You are part of a group when you work alongside others. Where did you learn how to be a teammate? No one is born knowing how to work in a team. The family is everyone’s first encounter as a teammate. There was a boss (or a few bosses) and perhaps some co-workers (siblings). School is often the next place where we learn about team dynamics. Maybe you were involved in team sports or gained experience playing them. You eventually got hired and brought your experience as a player in a team to the workplace.

You had a positive experience at your first job, and you learned how great teams work. You might have had a bad experience and learned from it how dysfunctional teams work. This is how we learn teamwork. How we interact with others is shaped by our experiences.

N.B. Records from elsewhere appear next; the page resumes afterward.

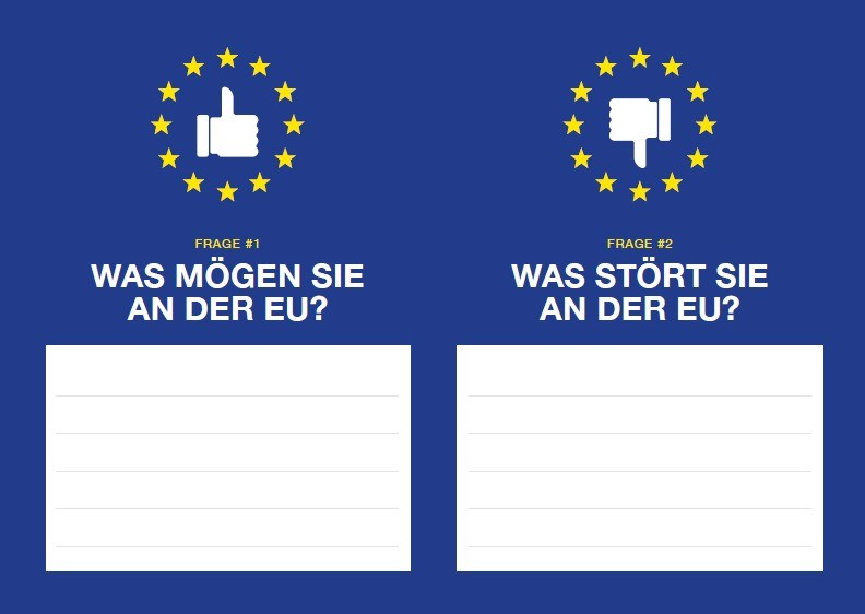 Im letzten Jahr bin ich bei den Gesprächen bei meinen Infoständen mit Lob, Kritik und Fragen zur EU konfrontiert worden. Natürlich konnte ich nicht auf alles intensiv eingehen und nicht jede Frage beantworten. Daher haben wir in diesem Jahr haben wir noch eine weitere Karte entwickelt, die nicht zum verschicken in die Ferne gedacht ist, sondern zum Dialog mit der EU auffordert. „Was mögen Sie an der EU?“ „Was stört Sie an der EU?“ „Welche Fragen haben Sie zur EU?“ Diese Karten können Sie direkt am Infostand ausfüllen oder bei den Rathäusern der Stadt einwerfen.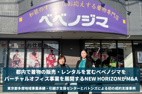 M&A総合支援プラットフォーム「BATONZ(バトンズ)」を運営する株式会社バトンズ(本社:東京都中央区、代表取締役CEO:神瀬悠一、以下バトンズ)は、東京都多摩地域事業承継・引継ぎ支援センター(所在地:東京都立川市、統括責任者:和田栄)とともに、有限会社ベベノジマ(所在地:東京都あきる野市、以下ベベノジマ)と株式会社NEW HORIZON(所在地:東京都港区、以下NEW HORIZON)のM&A成約を支援したことをお知らせします。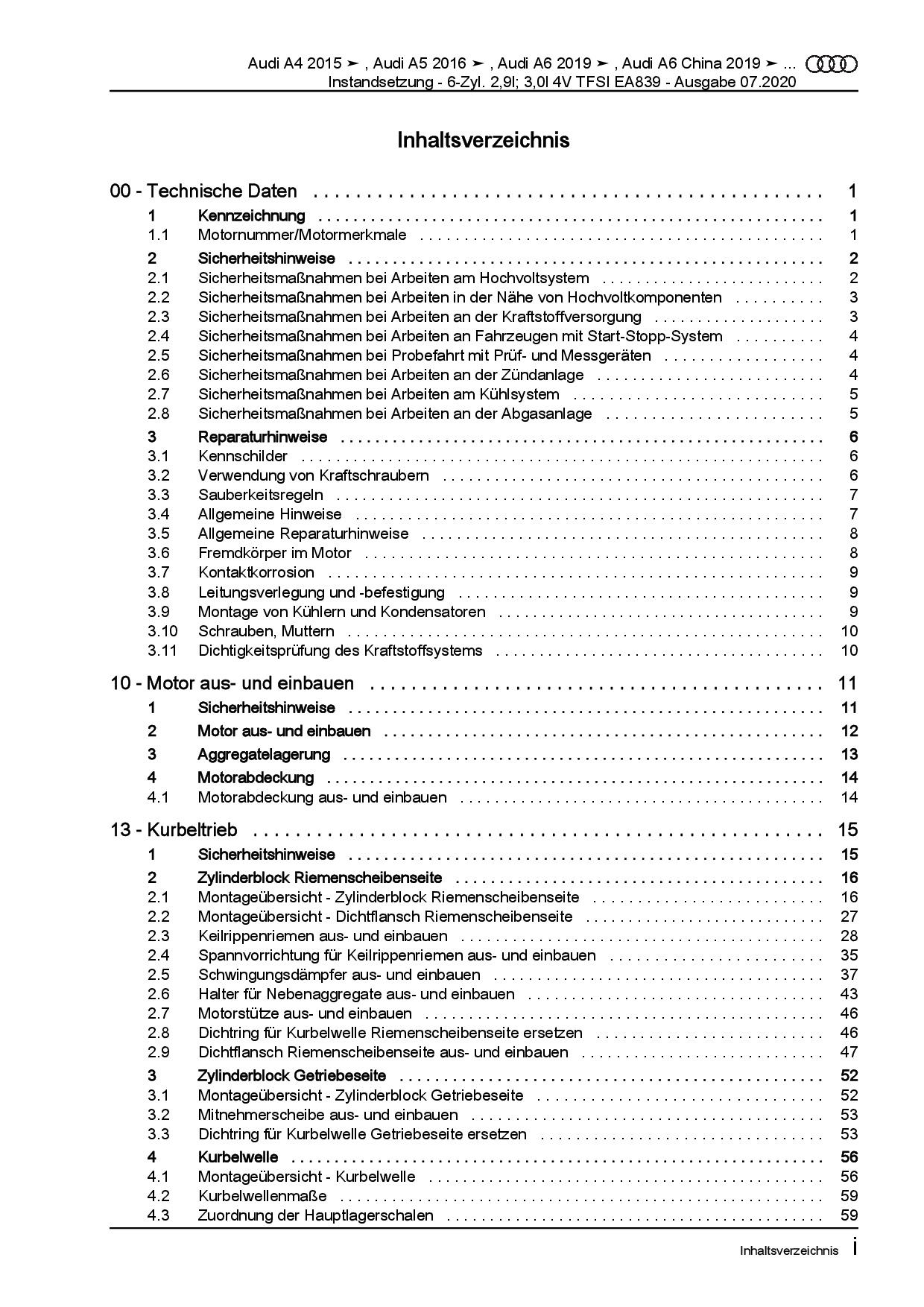 – Thema: Instandsetzung – 6-Zyl. Benzinmotor Direkteinspritzer (TFSI, 4V, EA839)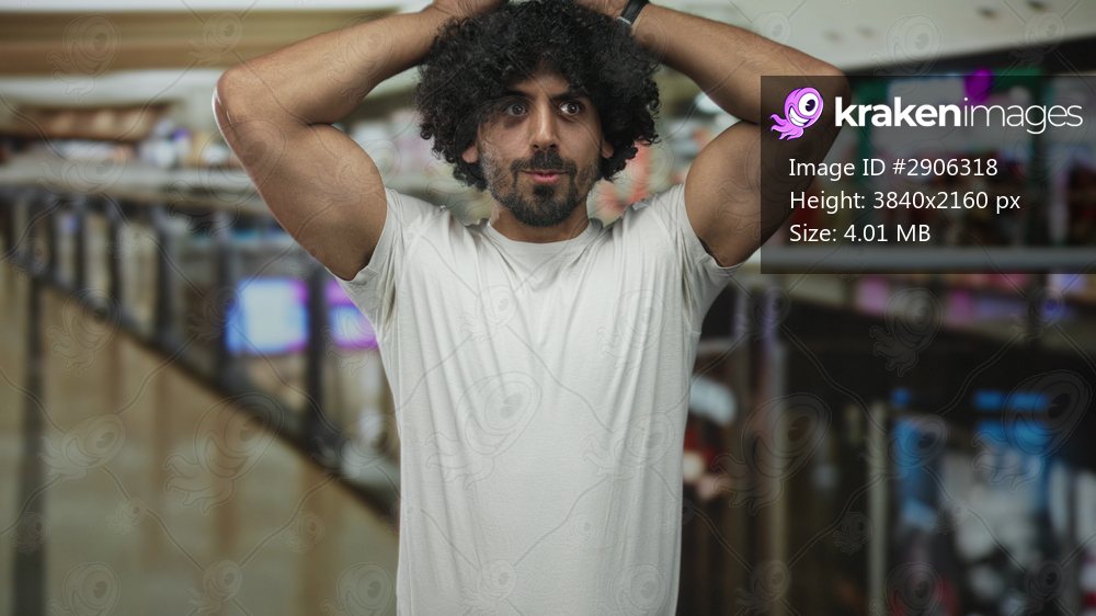 Man with hands on head, exposed arms and biceps, wearing white tshirt in a shopping building; surprised curiosity attention.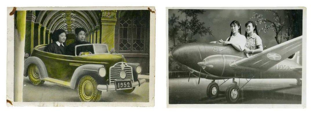 五六十年代,人们去照相馆照相常会坐在小汽车、飞机的模型里,想象未来我坐上汽车的时候速度会多么快、多么幸福、多么有尊严。照相馆为此专门造了汽车、飞机、轮船、军舰等模型和布景,这是人们对未来生活的期许和向往。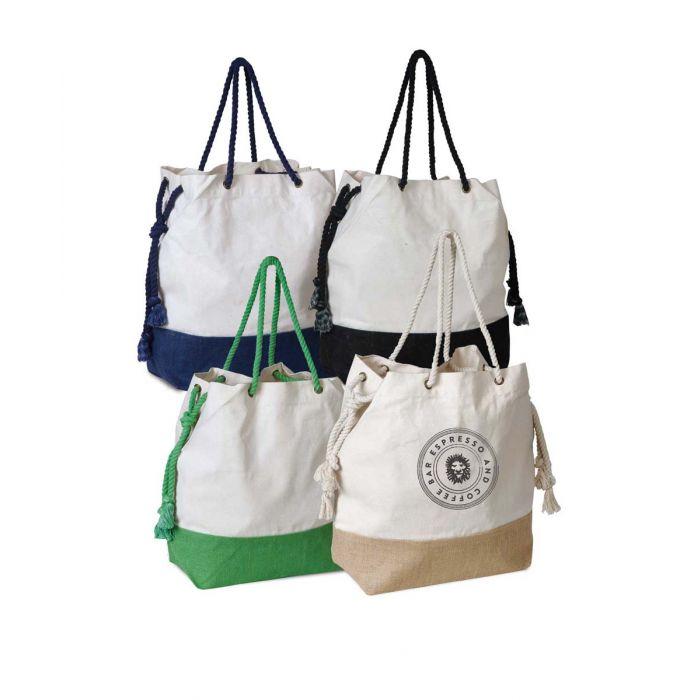 This is a jute/cotton drawstring tote bag with contrast border and rope handles. This trendy bag comes with a variety of colors. It is soft, comfortable, ecofriendly and ensures environmental sustainability.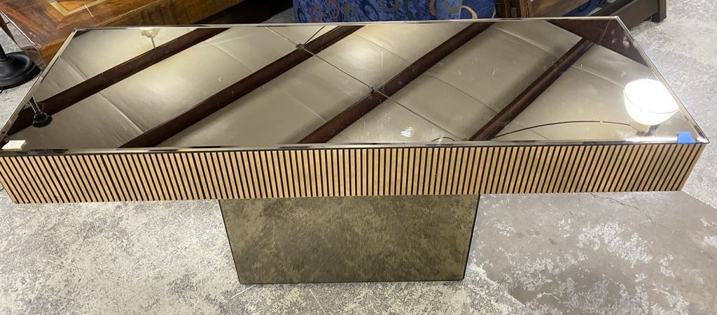 Decorative Mirrored Glass Sofa Table with pedestal base, two piece, 26"h., 60"w. Location Row 2 Decorative Mirrored Glass Sofa Table with pedestal base, two piece, 26"h., 60"w. Location Row 2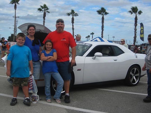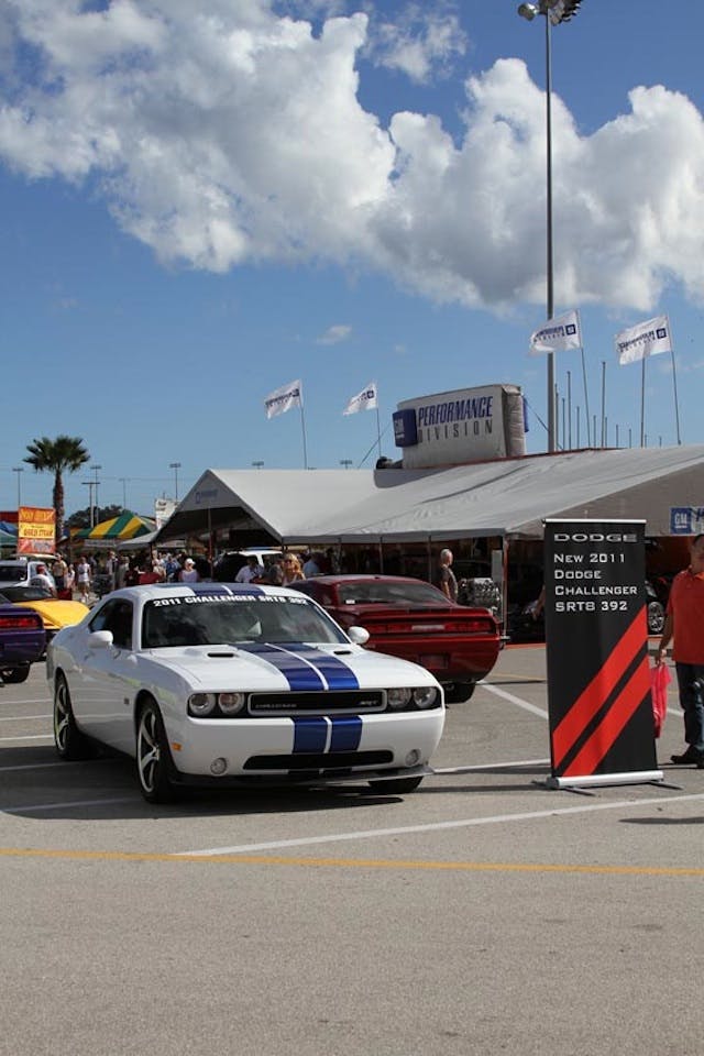As we reported to you previously, Dodge took a driving tour cross country to promote the new 2011 Charger R/T and Challenger SRT8 392. The trip, called the HEMI Highway Tour, kicked off back in November with the plan to cover 30 different cities in 40 days. Planned stops included a number of places of historical significance to the Mopar fans, but their stop at the hallowed ground of the Daytona Speedway was entirely influenced by John and Cheryl Buffington, owners of one of the 6400 2008 Dodge Challenger SRT8’s.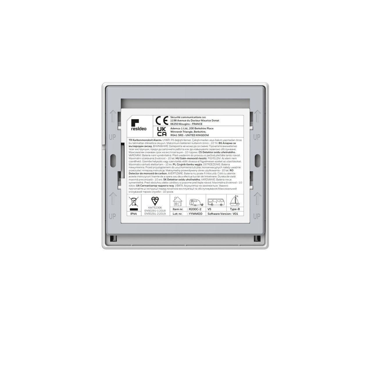 Designul detectorului de monoxid de carbon Honeywell Home R200C-2 nu se rezuma doar la performanta, ci si la durabilitate. Cu un grad de protectie IP44, acest detector este rezistent la intrarea de particule solide si stropi de apa, asigurand functionarea fiabila in diverse conditii.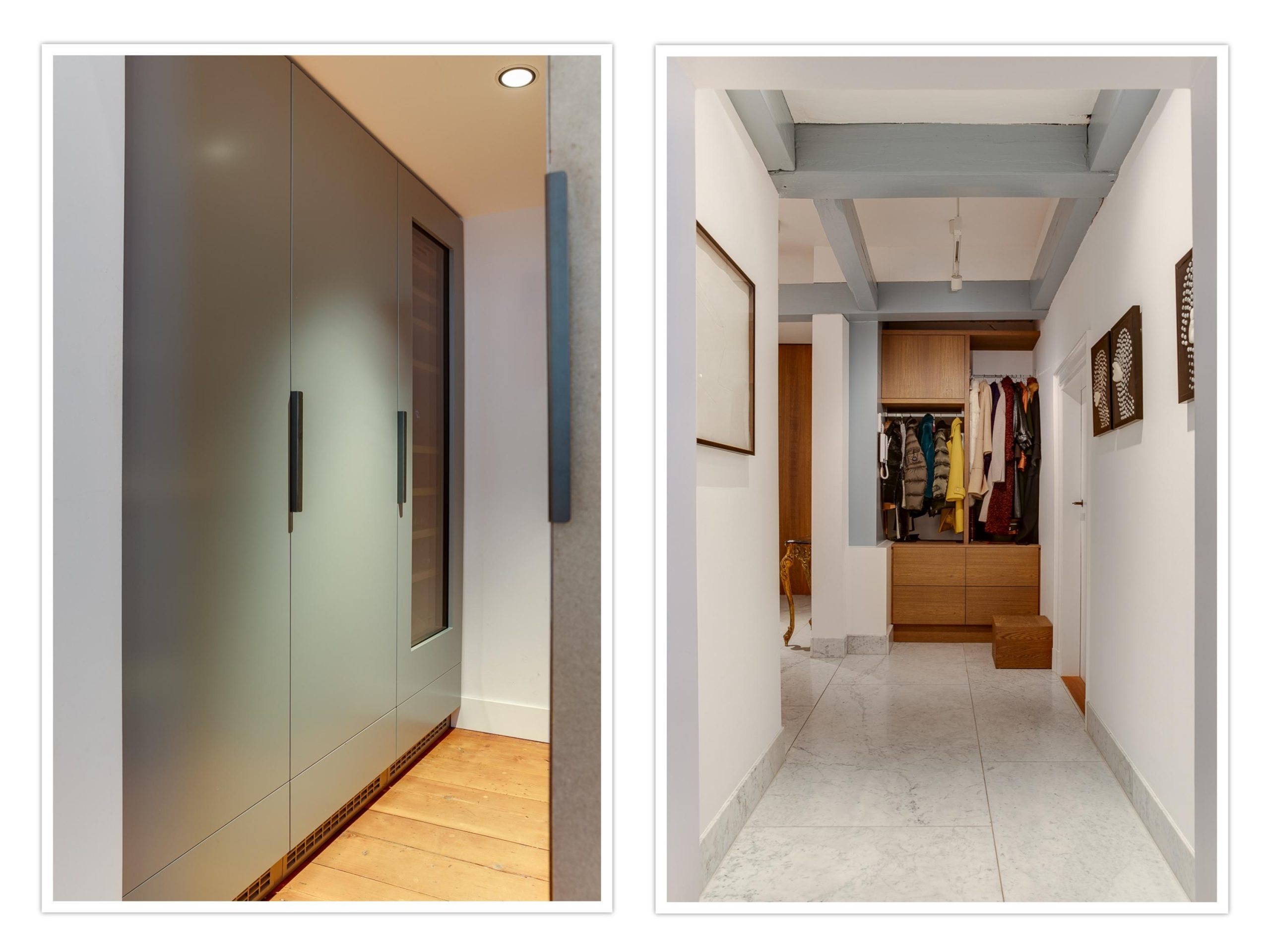Vanuit de hal achter kom je vervolgens in een pantry en een aparte C.V.-ruimte. Aangrenzend bevindt zich een ruimte met inbouwkasten die nu als kantoor-/praktijkruimte wordt gebruikt.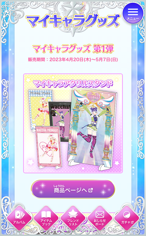 ワッチャプリマジ!スタジオ、プリマジプロフカード、マイキャラグッズショップ、アクリルスタンド、アクリルキーホルダー、Tシャツ

Experiential team members can help new colleagues improve their performance. There are three primary sources of information for new employees once they have joined the workforce.

1. Teammates.

Think back to your childhood and how you were influenced by your siblings and other friends. Peer-to-peer relationships are powerful in sharing the whys and hows within any organization. Make sure your existing team members have the proper grounding to help them grow. Leadership must listen to their team members. Managers don’t know the feelings of their team about the workplace. They also don’t know the messages being sent to new members. Positive management must create a positive atmosphere to ensure that these messages are positive. Don’t expect new teammates to flourish if the current team is unhappy.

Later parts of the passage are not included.